START Data supplied

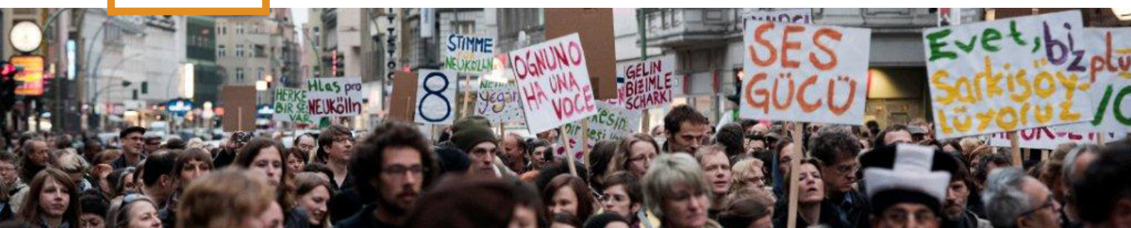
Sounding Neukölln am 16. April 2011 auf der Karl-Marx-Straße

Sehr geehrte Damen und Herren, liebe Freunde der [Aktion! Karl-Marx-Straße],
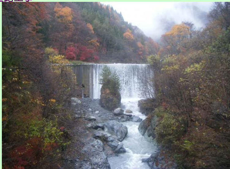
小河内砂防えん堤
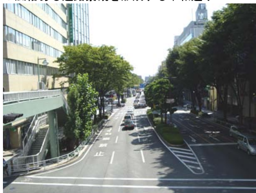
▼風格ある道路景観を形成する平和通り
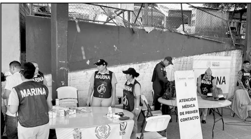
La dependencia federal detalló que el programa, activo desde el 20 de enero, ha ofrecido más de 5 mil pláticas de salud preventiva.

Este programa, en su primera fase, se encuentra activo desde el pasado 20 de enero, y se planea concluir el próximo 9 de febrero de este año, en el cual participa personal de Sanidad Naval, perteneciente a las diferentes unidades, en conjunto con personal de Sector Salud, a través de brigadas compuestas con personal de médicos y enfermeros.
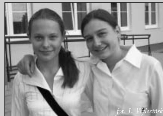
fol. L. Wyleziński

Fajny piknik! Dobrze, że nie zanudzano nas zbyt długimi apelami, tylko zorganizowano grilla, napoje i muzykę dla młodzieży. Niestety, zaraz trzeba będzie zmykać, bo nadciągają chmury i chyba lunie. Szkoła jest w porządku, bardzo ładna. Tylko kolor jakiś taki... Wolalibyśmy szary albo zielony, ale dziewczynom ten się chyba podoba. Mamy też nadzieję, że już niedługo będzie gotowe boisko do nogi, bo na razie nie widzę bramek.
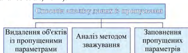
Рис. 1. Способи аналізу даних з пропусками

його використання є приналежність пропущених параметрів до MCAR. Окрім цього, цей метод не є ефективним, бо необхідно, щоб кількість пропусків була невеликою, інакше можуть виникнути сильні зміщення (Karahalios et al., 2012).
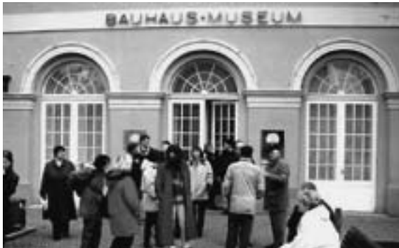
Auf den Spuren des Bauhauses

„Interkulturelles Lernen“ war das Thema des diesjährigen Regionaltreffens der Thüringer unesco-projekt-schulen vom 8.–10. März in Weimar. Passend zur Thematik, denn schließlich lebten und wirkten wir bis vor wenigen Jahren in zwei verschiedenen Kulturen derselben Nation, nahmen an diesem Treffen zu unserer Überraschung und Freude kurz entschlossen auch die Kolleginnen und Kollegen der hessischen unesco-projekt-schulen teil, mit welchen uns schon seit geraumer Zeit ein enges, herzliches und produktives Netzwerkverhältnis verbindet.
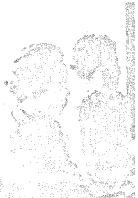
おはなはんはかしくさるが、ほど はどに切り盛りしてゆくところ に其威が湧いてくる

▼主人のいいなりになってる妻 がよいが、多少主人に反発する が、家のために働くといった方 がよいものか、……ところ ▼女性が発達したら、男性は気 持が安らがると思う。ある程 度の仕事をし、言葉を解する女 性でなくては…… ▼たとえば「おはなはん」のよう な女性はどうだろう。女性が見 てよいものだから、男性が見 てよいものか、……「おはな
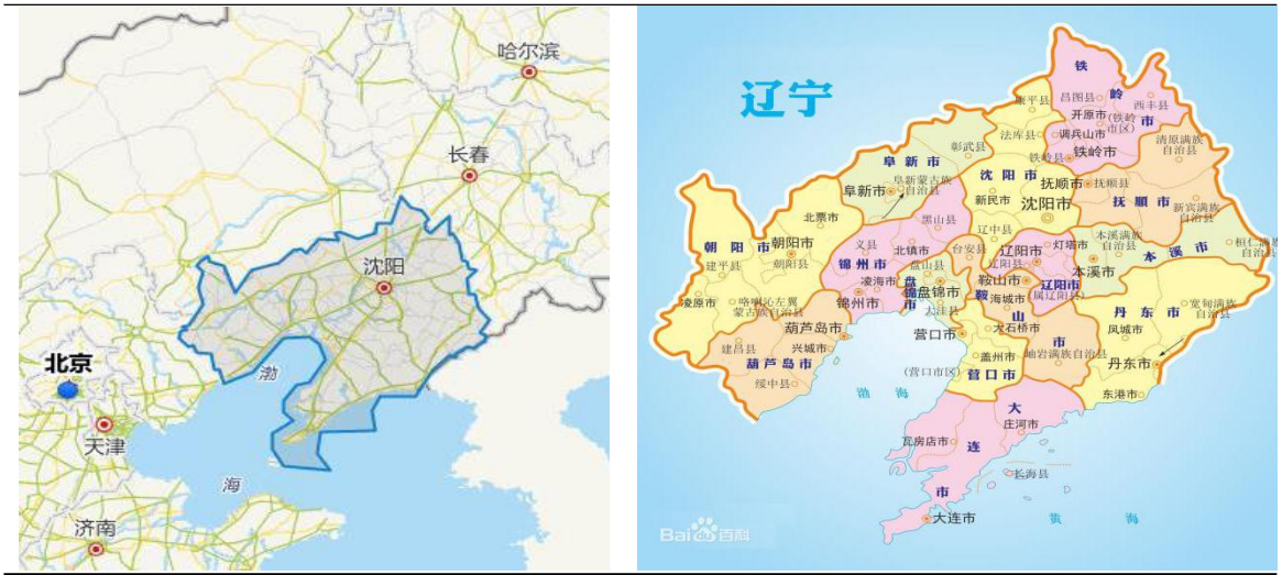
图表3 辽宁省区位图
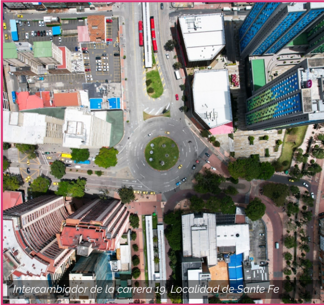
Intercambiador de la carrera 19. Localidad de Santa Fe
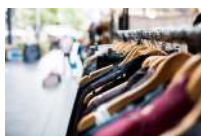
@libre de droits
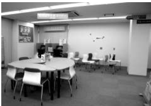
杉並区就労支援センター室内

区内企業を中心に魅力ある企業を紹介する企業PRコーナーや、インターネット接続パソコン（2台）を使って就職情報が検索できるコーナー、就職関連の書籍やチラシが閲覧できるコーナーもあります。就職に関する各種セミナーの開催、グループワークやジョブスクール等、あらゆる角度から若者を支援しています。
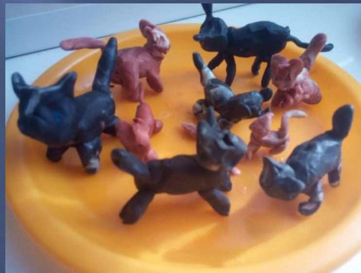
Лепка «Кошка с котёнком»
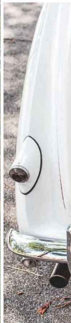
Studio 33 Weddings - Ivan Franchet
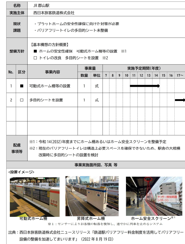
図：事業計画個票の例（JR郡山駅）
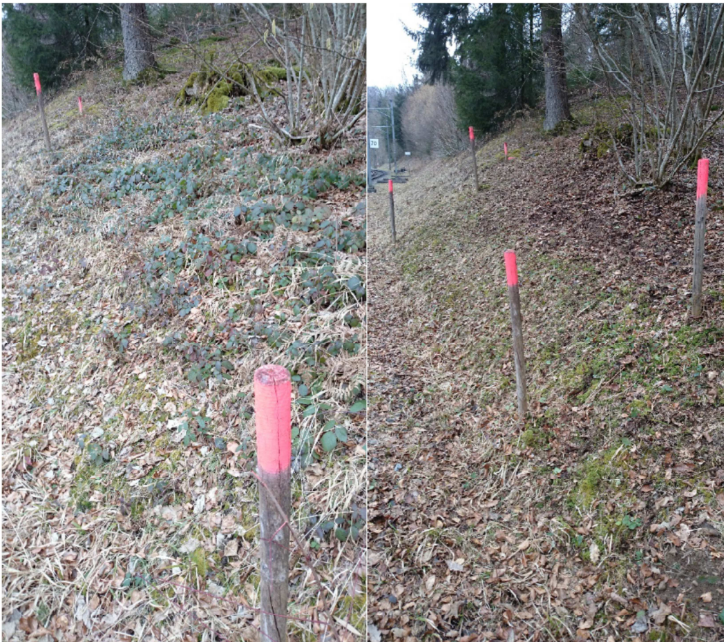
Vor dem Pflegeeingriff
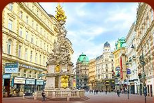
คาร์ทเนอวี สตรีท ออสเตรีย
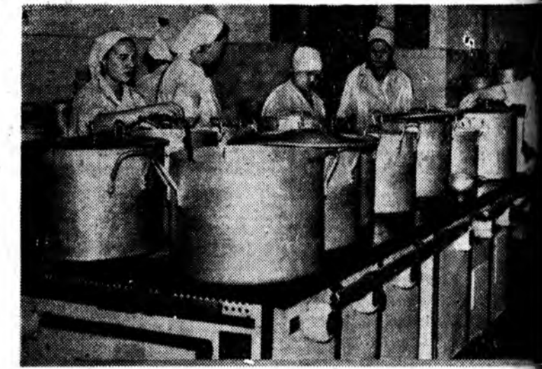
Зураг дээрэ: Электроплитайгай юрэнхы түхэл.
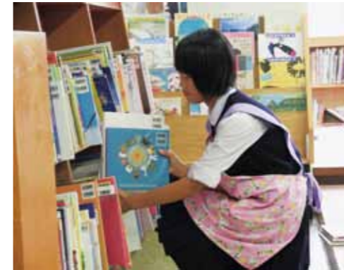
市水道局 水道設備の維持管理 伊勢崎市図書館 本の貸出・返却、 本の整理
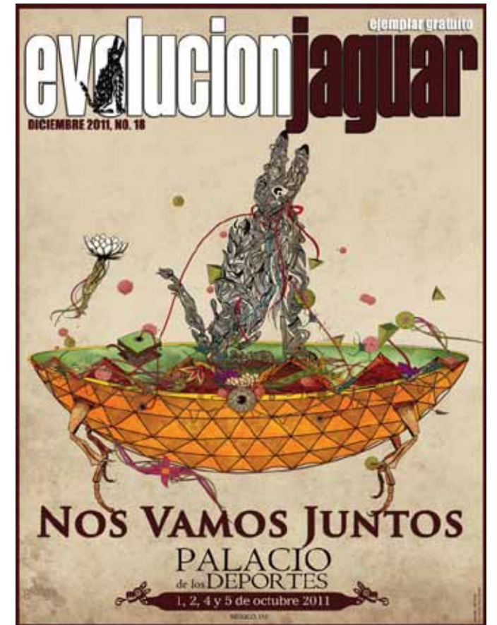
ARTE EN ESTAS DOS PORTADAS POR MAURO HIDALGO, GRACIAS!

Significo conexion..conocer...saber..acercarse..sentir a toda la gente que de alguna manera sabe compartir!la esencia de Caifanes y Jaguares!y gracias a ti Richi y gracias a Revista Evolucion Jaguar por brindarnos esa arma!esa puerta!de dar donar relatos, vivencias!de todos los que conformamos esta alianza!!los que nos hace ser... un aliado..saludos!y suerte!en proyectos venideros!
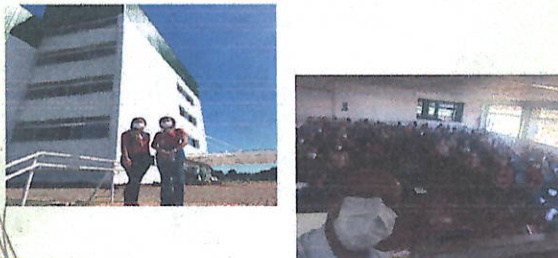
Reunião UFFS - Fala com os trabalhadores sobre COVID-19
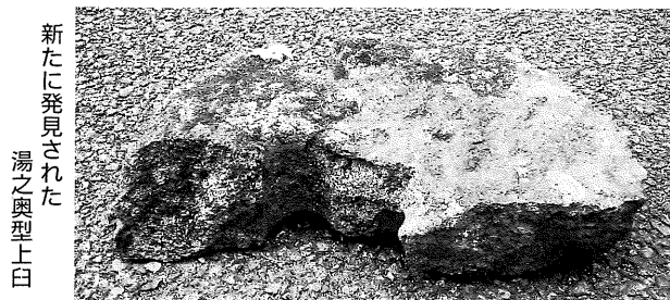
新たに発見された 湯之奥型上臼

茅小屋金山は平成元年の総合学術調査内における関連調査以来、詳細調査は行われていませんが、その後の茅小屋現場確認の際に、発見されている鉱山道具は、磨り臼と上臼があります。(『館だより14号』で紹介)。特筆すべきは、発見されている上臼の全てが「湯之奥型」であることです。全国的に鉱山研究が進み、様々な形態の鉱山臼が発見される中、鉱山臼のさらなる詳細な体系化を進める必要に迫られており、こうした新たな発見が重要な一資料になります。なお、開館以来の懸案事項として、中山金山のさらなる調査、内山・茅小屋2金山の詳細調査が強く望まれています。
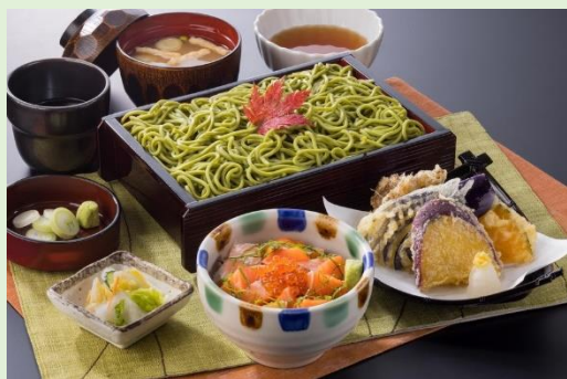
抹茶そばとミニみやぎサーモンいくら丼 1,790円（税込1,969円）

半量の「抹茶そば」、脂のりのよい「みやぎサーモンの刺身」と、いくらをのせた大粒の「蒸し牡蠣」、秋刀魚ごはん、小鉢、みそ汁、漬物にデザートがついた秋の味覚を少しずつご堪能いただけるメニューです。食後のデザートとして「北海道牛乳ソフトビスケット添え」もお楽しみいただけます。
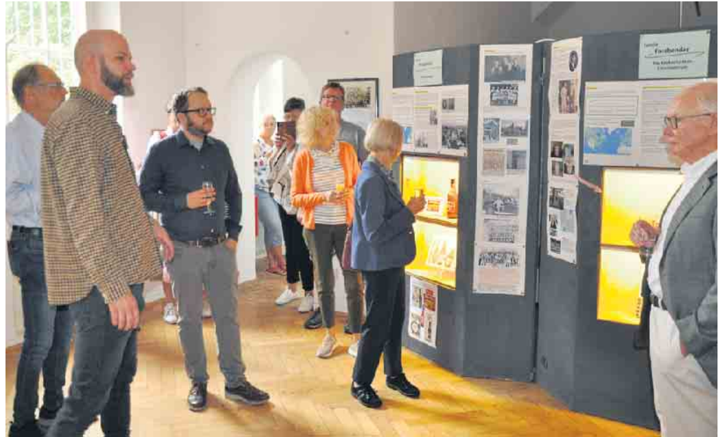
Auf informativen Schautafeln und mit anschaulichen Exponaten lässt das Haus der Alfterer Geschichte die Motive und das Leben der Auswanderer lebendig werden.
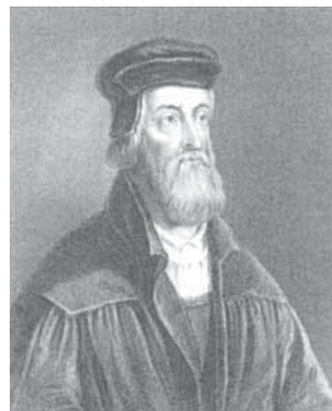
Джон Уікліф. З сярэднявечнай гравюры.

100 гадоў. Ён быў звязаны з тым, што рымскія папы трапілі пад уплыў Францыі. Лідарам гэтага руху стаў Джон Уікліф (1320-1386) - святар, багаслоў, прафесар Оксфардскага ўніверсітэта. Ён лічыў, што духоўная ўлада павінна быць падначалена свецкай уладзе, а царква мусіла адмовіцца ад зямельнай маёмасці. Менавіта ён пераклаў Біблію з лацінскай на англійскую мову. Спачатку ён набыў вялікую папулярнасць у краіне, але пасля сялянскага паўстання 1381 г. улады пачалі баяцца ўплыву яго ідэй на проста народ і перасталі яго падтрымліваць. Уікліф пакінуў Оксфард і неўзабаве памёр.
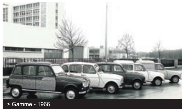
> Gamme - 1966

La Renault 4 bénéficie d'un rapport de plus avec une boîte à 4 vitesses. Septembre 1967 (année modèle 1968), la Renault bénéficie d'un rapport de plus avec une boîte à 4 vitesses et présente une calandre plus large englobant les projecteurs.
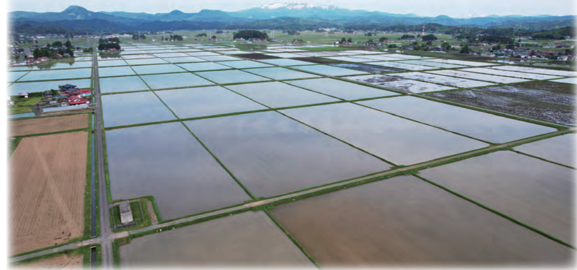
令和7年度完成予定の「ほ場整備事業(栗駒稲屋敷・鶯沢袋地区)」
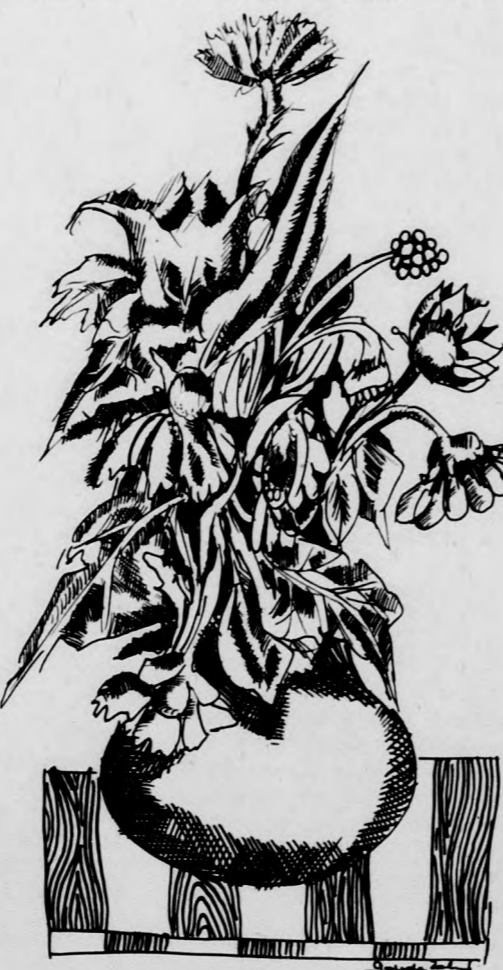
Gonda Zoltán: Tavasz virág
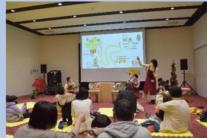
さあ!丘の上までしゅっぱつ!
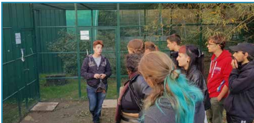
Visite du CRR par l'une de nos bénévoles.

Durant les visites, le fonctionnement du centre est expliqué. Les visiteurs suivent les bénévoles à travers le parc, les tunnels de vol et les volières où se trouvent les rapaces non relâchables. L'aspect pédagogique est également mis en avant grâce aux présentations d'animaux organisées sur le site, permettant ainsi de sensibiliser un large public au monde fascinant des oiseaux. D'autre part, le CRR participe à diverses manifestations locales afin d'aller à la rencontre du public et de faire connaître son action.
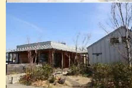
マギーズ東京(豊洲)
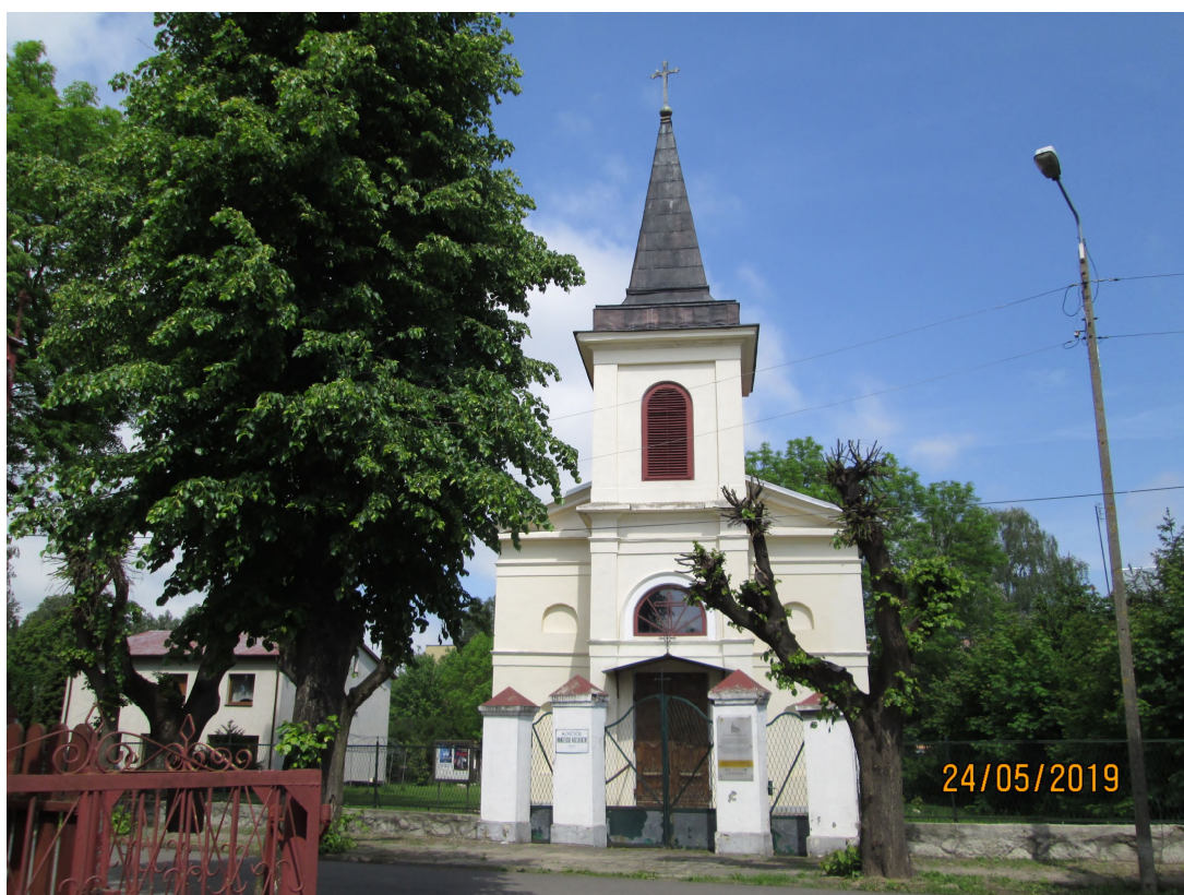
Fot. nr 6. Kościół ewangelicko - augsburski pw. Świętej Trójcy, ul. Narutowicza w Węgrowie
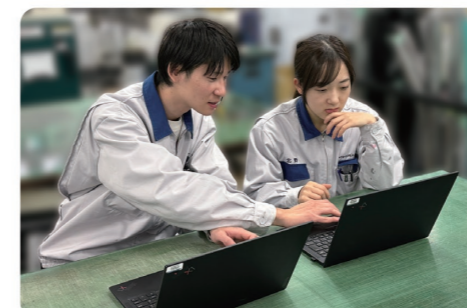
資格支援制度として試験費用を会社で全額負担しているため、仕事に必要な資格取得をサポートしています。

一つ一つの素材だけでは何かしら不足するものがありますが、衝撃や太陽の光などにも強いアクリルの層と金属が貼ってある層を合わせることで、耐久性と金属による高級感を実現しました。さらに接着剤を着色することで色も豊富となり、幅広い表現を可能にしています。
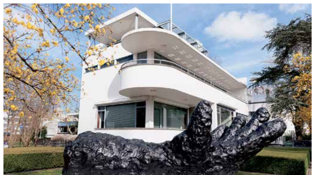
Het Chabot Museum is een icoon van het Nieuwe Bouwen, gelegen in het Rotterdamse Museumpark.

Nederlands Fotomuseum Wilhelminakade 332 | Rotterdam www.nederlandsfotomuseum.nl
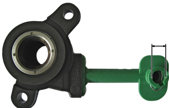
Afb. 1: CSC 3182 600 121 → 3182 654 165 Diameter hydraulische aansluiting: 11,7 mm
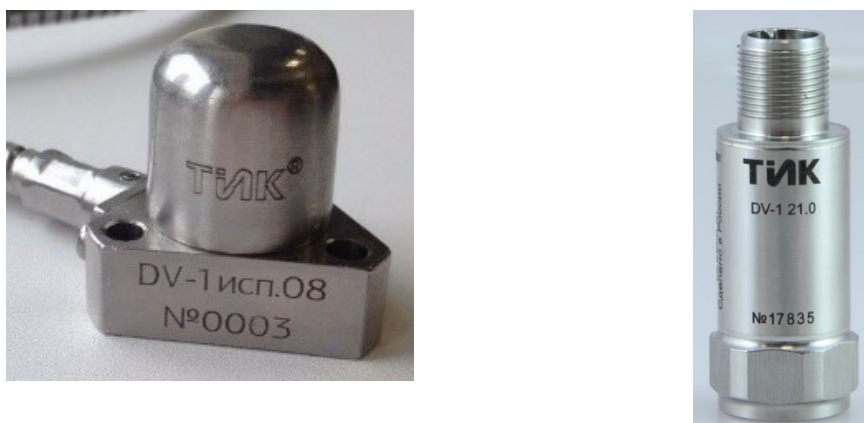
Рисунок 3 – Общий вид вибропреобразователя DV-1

END Data supplied

◆ Task directions
Print the data above verbatim from the first line through the line holding "La dependencia federal", leaving every picture out.

◆ Expected answer
Sounding Neukölln am 16. April 2011 auf der Karl-Marx-Straße

Sehr geehrte Damen und Herren, liebe Freunde der [Aktion! Karl-Marx-Straße],
小河内砂防えん堤
▼風格ある道路景観を形成する平和通り
La dependencia federal detalló que el programa, activo desde el 20 de enero, ha ofrecido más de 5 mil pláticas de salud preventiva.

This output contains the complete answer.